Четыре дня спустя Драко сидел за столом со своими родителями, присутствуя на завтраке, который он решил посетить в качестве небольшого примирения перед тем, как он проведёт неделю в Италии с Гермионой. Сначала на Кубке, потом просто вместе: поездка по сельской местности, которую она хотела посмотреть большую часть жизни, ведь у неё никогда не было подобной возможности.

По крайней мере, вежливо было поужинать с родителями — формально, приземлённо, почти ужасно — прежде чем исчезнуть на неделю. Он хотел ни получать новости, ни отвечать на письма, ничего, кроме как видеть Гермиону и лежать в постели, в которой они окажутся в каком-нибудь итальянском городе во время путешествия. Пока не начнутся схватки Уизлетты.

Он ожидал, что напряжение за столом спадёт, и его родители найдут то, о чём можно поговорить, и не станут затрагивать ни одну из запрещённых тем. Но этот ужин с ними продолжал казаться упражнением в соблюдении молчания, тихим наказанием за то, что он слишком много сказал раньше.

Объективно еда была гораздо более высокого уровня, чем та, которую ему подавали в «Ресторане Поттеров». Ингредиенты, техника — всё это превосходило те блюда. Тем не менее, ему гораздо больше понравилось пребывание на площади Гриммо. Драко почти почувствовал себя виноватым, зная, что эльфы, вероятно, часами работали, чтобы приготовить столько блюд только для того, чтобы их съели в почти полной тишине. Это было безвкусно. В блюдах была та кислинка, которая присутствовала во всём, что вызывало в его душе нахождение в Поместье.

Головная боль доходила до пазух носа, давящее покалывание неприятно касалось костей. Он чувствовал себя так, словно застрял на повороте — странное ощущение непрерывного повторения завтраков с родителями; рутина, которая когда-то ему нравилась. Однако с каждым разом она становилась всё менее и менее привлекательной.

Нарцисса сказала что-то насчёт следующего завтрака.

— Честно говоря, дорогой, не стоит просто лежать в кровати по утрам, — она нарезала на тарелке приготовленную морковь. Ловкие, точные движения, такие же осторожные, как и её слова. — День следует начинать с хорошей еды и живого разговора.

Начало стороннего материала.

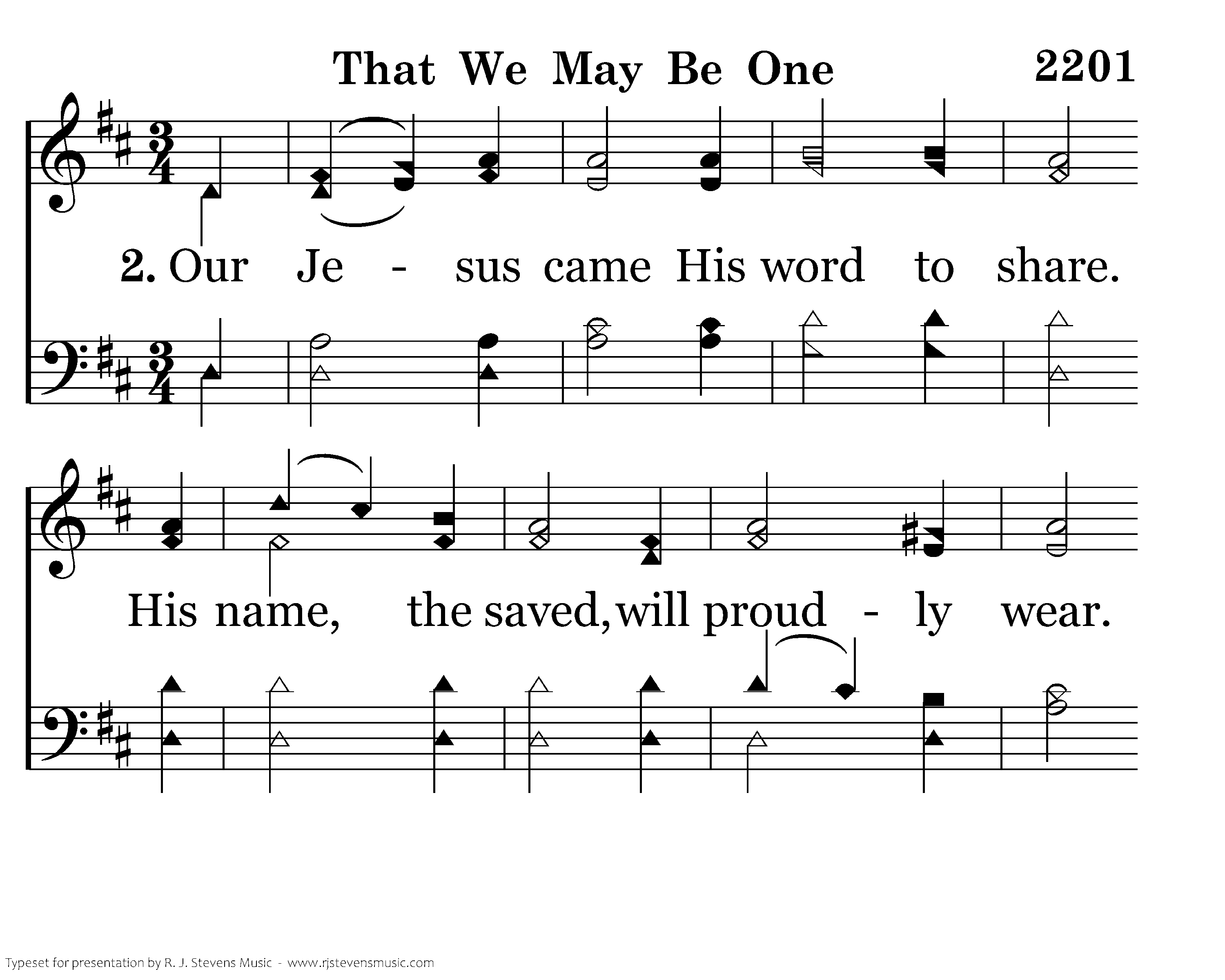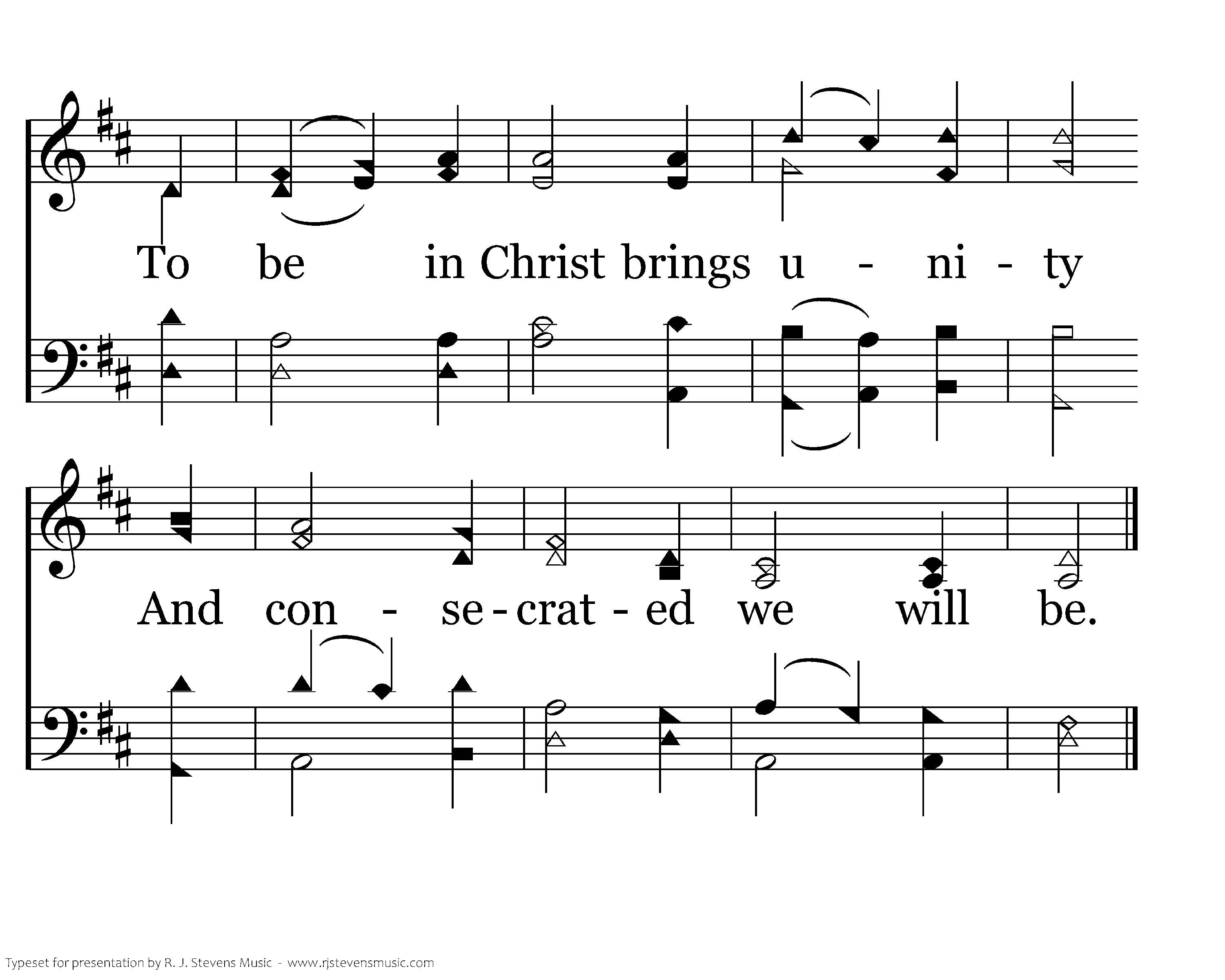 Our Jesus came His word to share. His name, the saved, will proudly wear. To be in Christ brings unity And consecrated we will be.

Он наблюдал, как она поднесла кусочек к губам: жевала, глотала, улыбалась.

— Я не лежу в кровати, мама. Я всё ещё начинаю свой день с хорошей еды и живого разговора.

В конце стола, на периферии, Драко услышал удар серебра о стол, накрытый скатертью. Молчание поглотило их целиком.

Драко знал, что его родители не понимали, что он имел в виду. Он намекнул на Гермиону, ещё раз упомянул о ней при них. Молчание усиливало глубину их разочарования. Драко не мог заставить себя переживать по этому поводу.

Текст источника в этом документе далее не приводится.